◐ TARIFFS · 8 MIN READ · MAY 2026

Octopus Go, Cosy, and Intelligent

Three time-of-use tariffs, three different approaches to cheap electricity. Which one actually saves money for your setup — and which one could cost you more than staying on a flat rate?

The short version: Octopus Go gives you 4 hours of cheap overnight electricity (7–8.5p/kWh) but charges more during the day (~28p). It works brilliantly if you have an EV, a battery, or both. Cosy gives you cheap windows morning and evening for heat pump users. Intelligent automatically shifts your EV charging and smart devices to the cheapest slots. If you can't shift at least 30% of your usage off-peak, a flat tariff is cheaper.

How time-of-use tariffs work

A flat-rate tariff charges you the same price for every unit of electricity — currently around 24.5p/kWh at the Ofgem cap. A time-of-use (TOU) tariff charges different rates at different times. You get a deep discount during off-peak hours (typically overnight) and pay a premium during peak hours.

The logic is simple: the grid has excess capacity at night when demand is low. Suppliers can buy wholesale electricity cheaply and pass that saving on, as long as you shift your consumption to match. The question is always whether you can genuinely shift enough usage to come out ahead.

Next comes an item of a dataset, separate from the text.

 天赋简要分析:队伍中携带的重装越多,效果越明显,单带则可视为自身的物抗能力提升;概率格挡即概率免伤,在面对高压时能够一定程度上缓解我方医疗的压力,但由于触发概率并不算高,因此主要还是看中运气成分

All three Octopus TOU tariffs require a smart meter with half-hourly readings enabled.

Octopus Go

The original and most popular time-of-use tariff. Go gives you a fixed 4-hour off-peak window from 00:30 to 04:30 at a heavily discounted rate — currently around 8.5p/kWh. The rest of the day runs at roughly 28p/kWh — higher than the flat cap rate.

Who it suits

Who it doesn't suit

Households without an EV or battery who can't shift at least 30–35% of their consumption into the 4-hour window. The higher daytime rate means you need substantial off-peak usage to break even. A family that uses 10 kWh during the day and only shifts 2 kWh to off-peak will pay more than on a flat tariff.

Octopus Cosy

Designed specifically for heat pump owners. Cosy provides two cheap windows: 04:00–07:00 and 13:00–16:00 at roughly 12p/kWh. The peak rate (16:00–19:00) is higher at roughly 40p/kWh, and the rest of the day sits around 25p.

Who it suits

Who it doesn't suit

Homes that aren't well-insulated. If your house loses heat quickly, pre-heating at 12p just means the heat pump has to run again at 25p or 40p to maintain comfort. You end up heating twice for the same result. Before switching to Cosy, insulate first.

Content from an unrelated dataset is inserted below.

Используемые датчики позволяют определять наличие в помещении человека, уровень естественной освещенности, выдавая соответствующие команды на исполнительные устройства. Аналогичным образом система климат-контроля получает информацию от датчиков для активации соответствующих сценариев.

The 40p/kWh peak window (16:00–19:00) is punishing. If you can't avoid heavy electricity use during those 3 hours — cooking, heating, lighting — the penalty eats into your savings.

Octopus Intelligent

Intelligent takes a different approach. Rather than giving you fixed cheap windows and expecting you to manage your usage, it integrates with your EV charger and smart home devices to automatically shift demand to the cheapest half-hours throughout the night.

The off-peak rate (roughly 8.5p) applies from 23:30 to 05:30, and Octopus can also extend cheap-rate windows dynamically when wholesale prices dip during the day. You set your target (e.g., "car needs 80% charge by 7am") and the system handles the scheduling.

Who it suits

Who it doesn't suit

Users without a compatible EV and charger. The smart scheduling features are the whole point — without them, Intelligent is just a less flexible version of Go with a slightly longer off-peak window. Check compatibility before signing up.

The break-even calculation

The fundamental question with any TOU tariff: can you shift enough consumption to off-peak to offset the higher peak rates?

As a rule of thumb: if you can shift less than 30% of your total consumption to off-peak hours, a flat tariff is cheaper. Between 30–50%, TOU tariffs roughly break even. Above 50%, TOU tariffs deliver meaningful savings.

An EV charging 7–10 kWh overnight immediately puts most households above the 30% threshold. A battery adds another 5–10 kWh of shiftable load. Timer-controlled appliances add 2–4 kWh. If you have two or more of these, a TOU tariff almost certainly saves money.

Use our tariff switching calculator to model your specific usage pattern — it accounts for your consumption, EV charging, battery, and timer usage to give you a direct flat-vs-TOU comparison.

Which one to choose

Switching is free and fast

Switching to any Octopus tariff is free, takes about 2 minutes online, and there are no exit fees if it doesn't work out. You can try a TOU tariff for a month, check whether your bills went up or down, and switch back to flat if the maths doesn't work. There's genuinely no risk to experimenting.

Model the numbers first with our tariff switching calculator, then make the switch with confidence.

Quick comparison: Go: 8.5p off-peak (00:30–04:30), ~28p day. Best for: EV and battery. Cosy: 12p cheap windows (04:00–07:00, 13:00–16:00), 40p peak (16:00–19:00). Best for: heat pumps in insulated homes. Intelligent: 8.5p (23:30–05:30) with smart scheduling. Best for: compatible EV + charger. All require a smart meter.